Rob Binkley is the last guy who’d be inclined to sugarcoat Valley real estate. As a founding owner of EZ Homes – one of the largest foreclosure acquisition and resale companies in Arizona – the longtime real estate pro tends to get busy when home values plummet. Such was the case back in 2007, when the collapse of the housing bubble triggered a five-year flood of mortgage walk-offs and deed auctions. Binkley, also an avid traveler who penned the backpacker memoir Let’s Go Mad (Skyhorse, 2016), put down his snorkel for a few moments to weigh in on today’s near-record housing prices. Bubble or no bubble?
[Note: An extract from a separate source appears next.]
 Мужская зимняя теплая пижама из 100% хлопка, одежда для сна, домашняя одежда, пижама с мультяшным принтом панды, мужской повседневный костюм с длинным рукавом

PHOENIX: Obviously, the current market is in much better shape today than it was in, say, 2012. Do you see fewer homes come up for auction?
Binkley: Oh, it’s not even close. We’re looking at probably on average per day in Maricopa County… in terms of what is actually being put up for auction, maybe two to five homes a day. Back in 2012, it was probably 40 or 50 a day.
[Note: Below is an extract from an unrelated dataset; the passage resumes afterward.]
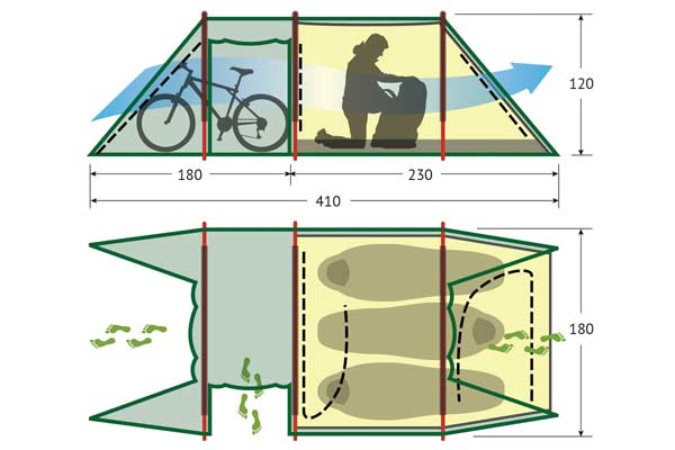 - Большой вместительный тамбур для размещения велосипедов, походной кухни и вещей.

But that can change in a heartbeat, right? Home prices are so high right now, it stands to reason there are a lot of over-extended homeowners with mortgages they can’t really afford. Could that constitute a bubble?
I think it’s unlikely, primarily for one reason: more stable lending. It’s interesting, back [in 2009] there wasn’t a conduit to save people… there were a lot of stated loans, unverified loans, subprime loans. They got rid of all of that after the crash. Now, because the loans are very secure, with a lot of money down, and the interest rates are 3 to 4 percent on a 30-year-fixed, which is historically very low, nobody is walking away from those loans.
But mortgage rates have gone up, haven’t they? To 6 or 7 percent.
They have, but only in the last 12 months. The majority of [extant] loans are in the 3- to 4-percent range. And there are very few people underwater.
Could those new interest rates trigger a home value correction?
I don’t see that happening. We had a correction from last May to December. In some places, [home prices] went down 10 percent. Then the new year hit and the market stiffened up. I read something interesting the other day: The Valley gets something like 150 people net inflow every day. That creates demand. 150 new people every day wanting a house. And unemployment is still incredibly low. [The only thing] I’m really worried about is a macro-event. Putin or a banking meltdown, that triggers a recession. Other than that, it seems secure.